> **THE PROBLEM**: From the listing that follows, reproduce only the lines from the one holding "A flight of" through the one holding "The overall design", both included, with no pictures.

> **INFORMATION PROVIDED**:
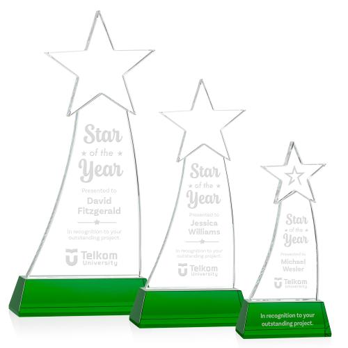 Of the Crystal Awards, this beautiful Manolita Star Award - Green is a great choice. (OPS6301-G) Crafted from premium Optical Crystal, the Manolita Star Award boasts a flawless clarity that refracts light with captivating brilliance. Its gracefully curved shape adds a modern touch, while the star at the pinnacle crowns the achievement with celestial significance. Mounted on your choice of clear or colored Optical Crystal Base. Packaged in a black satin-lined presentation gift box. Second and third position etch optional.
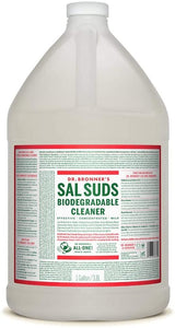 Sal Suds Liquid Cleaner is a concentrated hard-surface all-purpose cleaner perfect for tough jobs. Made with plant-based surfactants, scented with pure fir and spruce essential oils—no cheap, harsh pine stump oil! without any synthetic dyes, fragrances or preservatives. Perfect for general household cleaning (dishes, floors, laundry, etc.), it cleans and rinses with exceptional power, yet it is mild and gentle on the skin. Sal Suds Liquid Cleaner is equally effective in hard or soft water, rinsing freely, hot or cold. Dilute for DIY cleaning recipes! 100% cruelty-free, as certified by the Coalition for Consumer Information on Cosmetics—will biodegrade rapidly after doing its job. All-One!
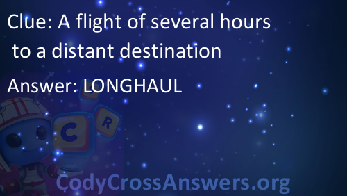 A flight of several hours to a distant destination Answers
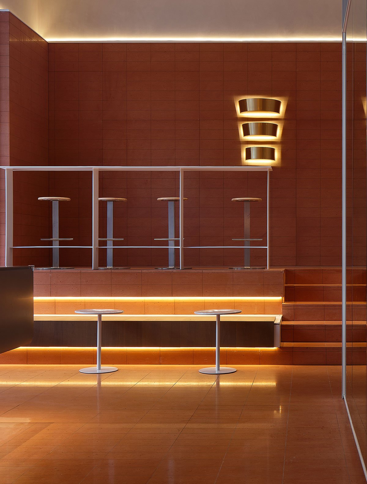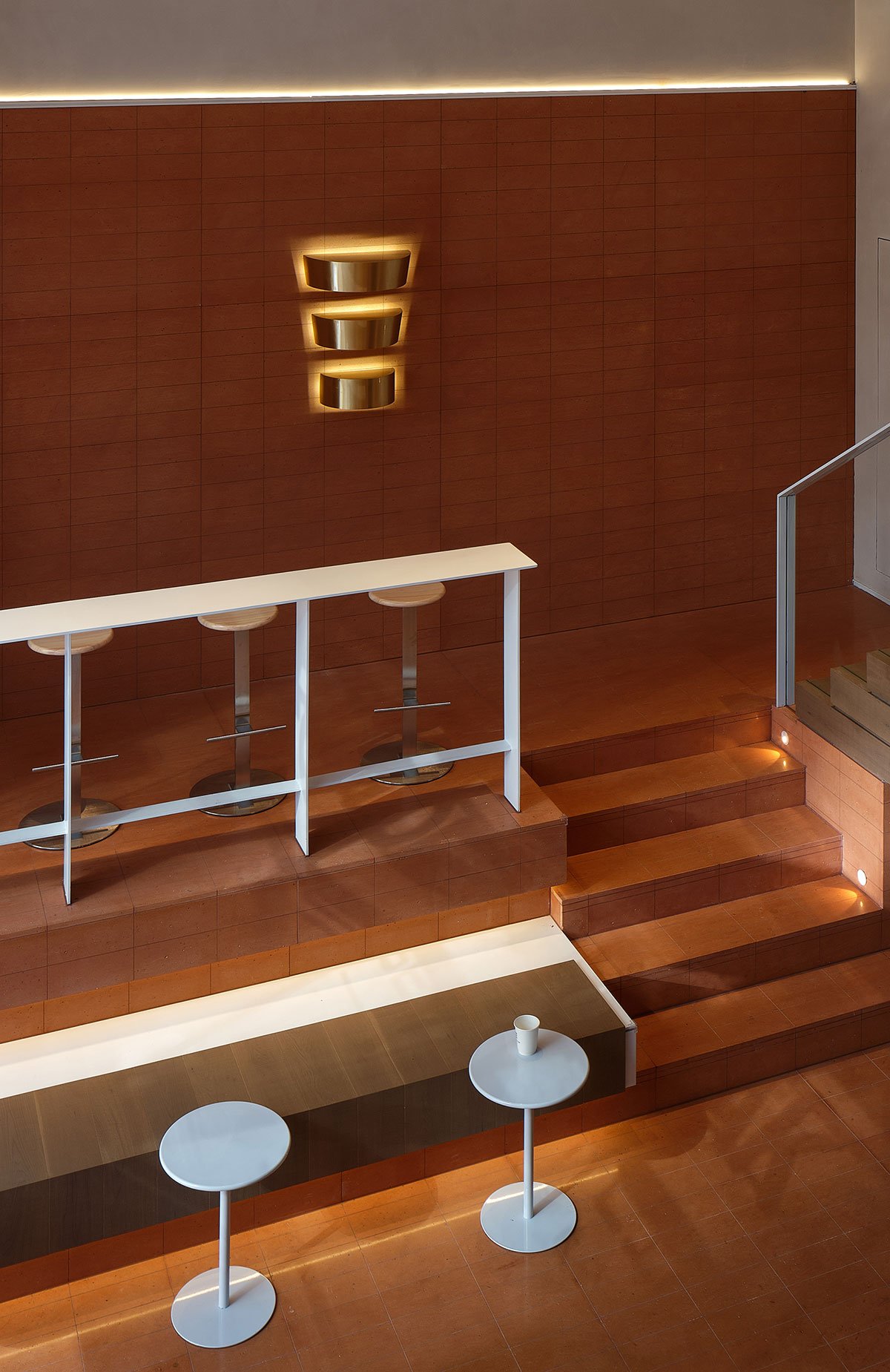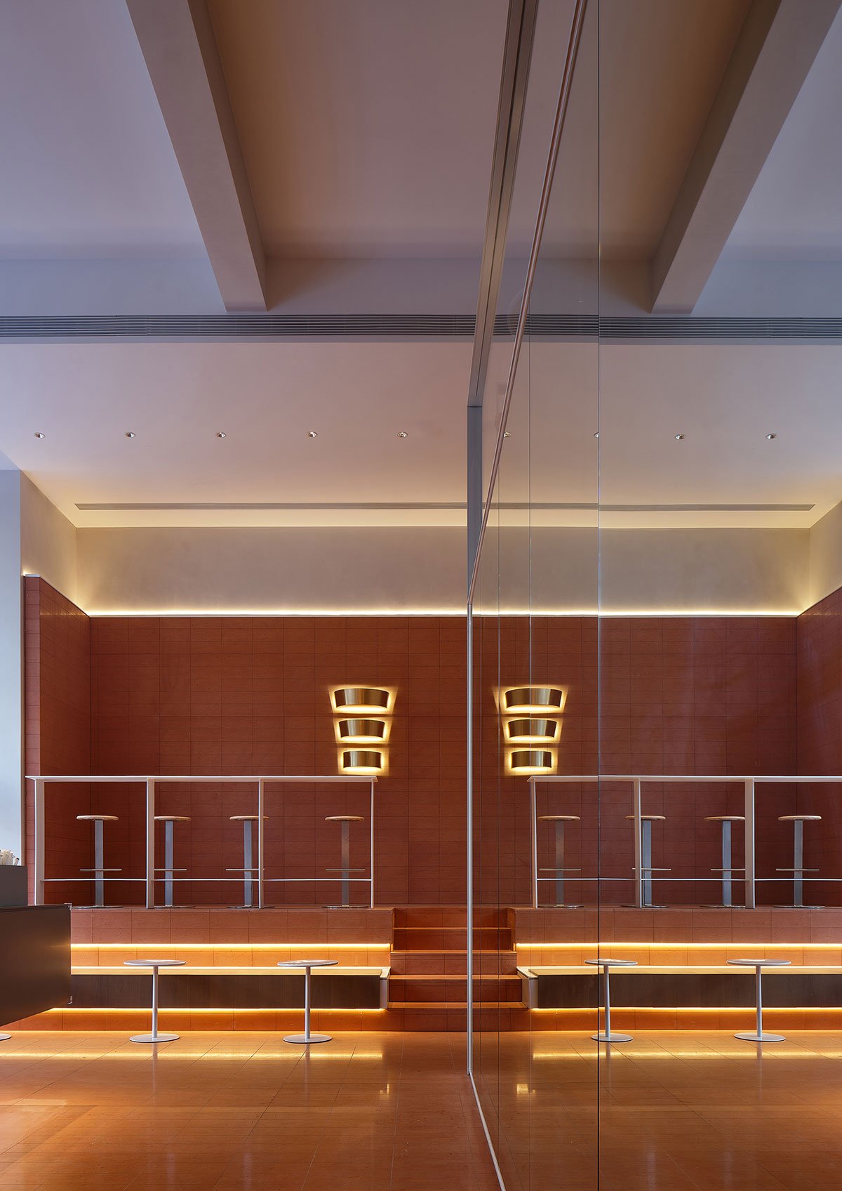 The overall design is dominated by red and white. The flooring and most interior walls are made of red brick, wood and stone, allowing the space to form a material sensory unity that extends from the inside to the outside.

==

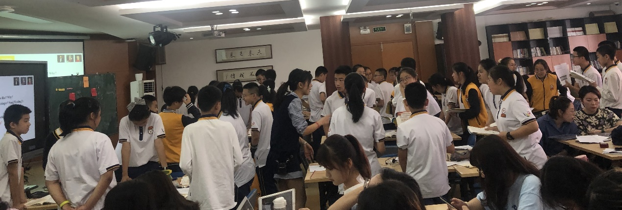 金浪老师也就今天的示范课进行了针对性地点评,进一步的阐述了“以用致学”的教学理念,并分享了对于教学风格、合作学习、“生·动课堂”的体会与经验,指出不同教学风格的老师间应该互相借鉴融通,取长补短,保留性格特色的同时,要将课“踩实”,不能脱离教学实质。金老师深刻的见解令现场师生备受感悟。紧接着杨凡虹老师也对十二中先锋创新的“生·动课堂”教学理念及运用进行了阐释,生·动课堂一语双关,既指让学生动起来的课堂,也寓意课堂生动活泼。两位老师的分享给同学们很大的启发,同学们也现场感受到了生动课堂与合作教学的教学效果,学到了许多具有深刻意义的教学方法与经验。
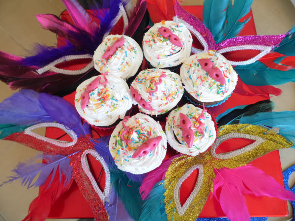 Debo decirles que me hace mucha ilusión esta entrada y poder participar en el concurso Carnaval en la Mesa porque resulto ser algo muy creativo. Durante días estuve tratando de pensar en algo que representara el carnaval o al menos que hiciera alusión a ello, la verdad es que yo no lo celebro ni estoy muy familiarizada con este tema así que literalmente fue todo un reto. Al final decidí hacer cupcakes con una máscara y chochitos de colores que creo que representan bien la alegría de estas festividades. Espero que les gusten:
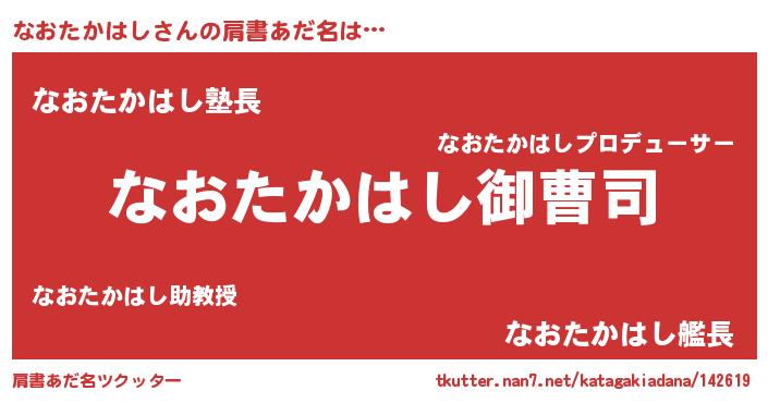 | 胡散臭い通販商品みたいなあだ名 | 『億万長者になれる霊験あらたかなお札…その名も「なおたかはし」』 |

...

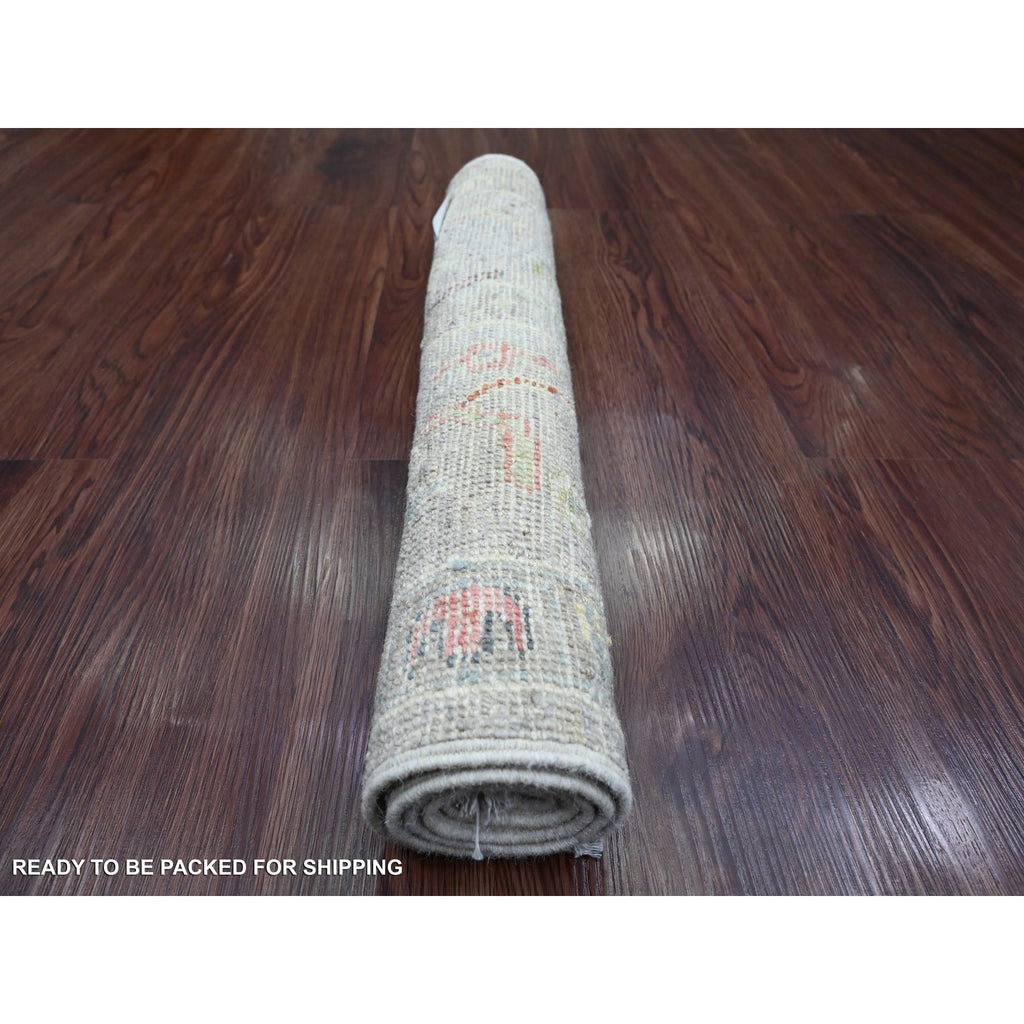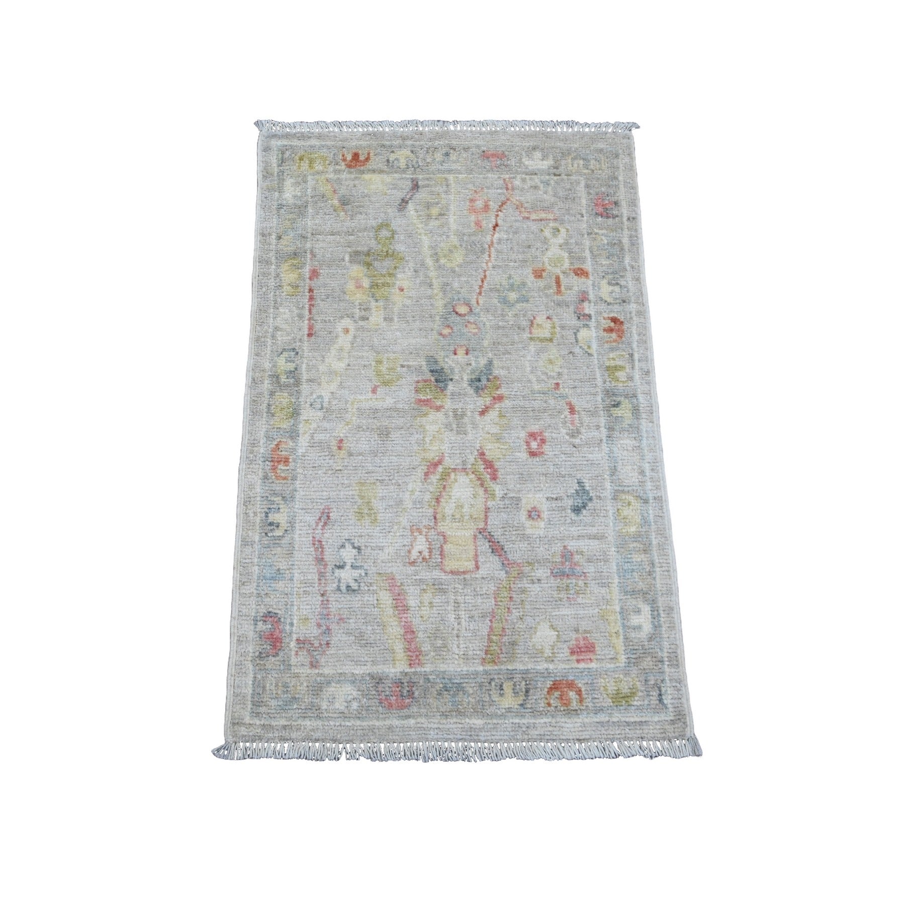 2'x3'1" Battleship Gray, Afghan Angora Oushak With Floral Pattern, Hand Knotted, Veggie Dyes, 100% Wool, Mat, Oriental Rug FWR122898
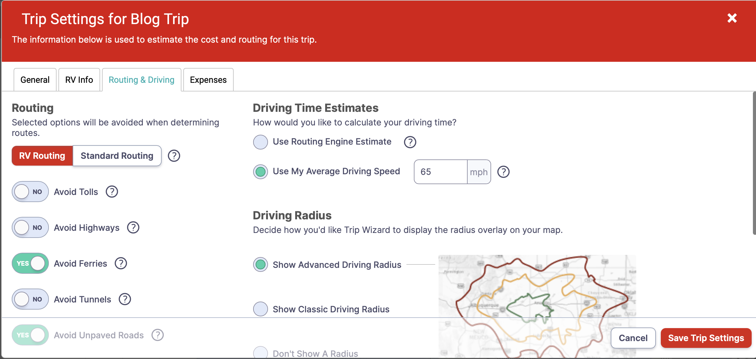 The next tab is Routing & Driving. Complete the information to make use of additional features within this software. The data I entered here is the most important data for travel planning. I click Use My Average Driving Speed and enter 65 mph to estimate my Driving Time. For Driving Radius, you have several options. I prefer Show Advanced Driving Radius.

> **RESULT OF THE TASK**:
 A flight of several hours to a distant destination Answers
 The overall design is dominated by red and white. The flooring and most interior walls are made of red brick, wood and stone, allowing the space to form a material sensory unity that extends from the inside to the outside.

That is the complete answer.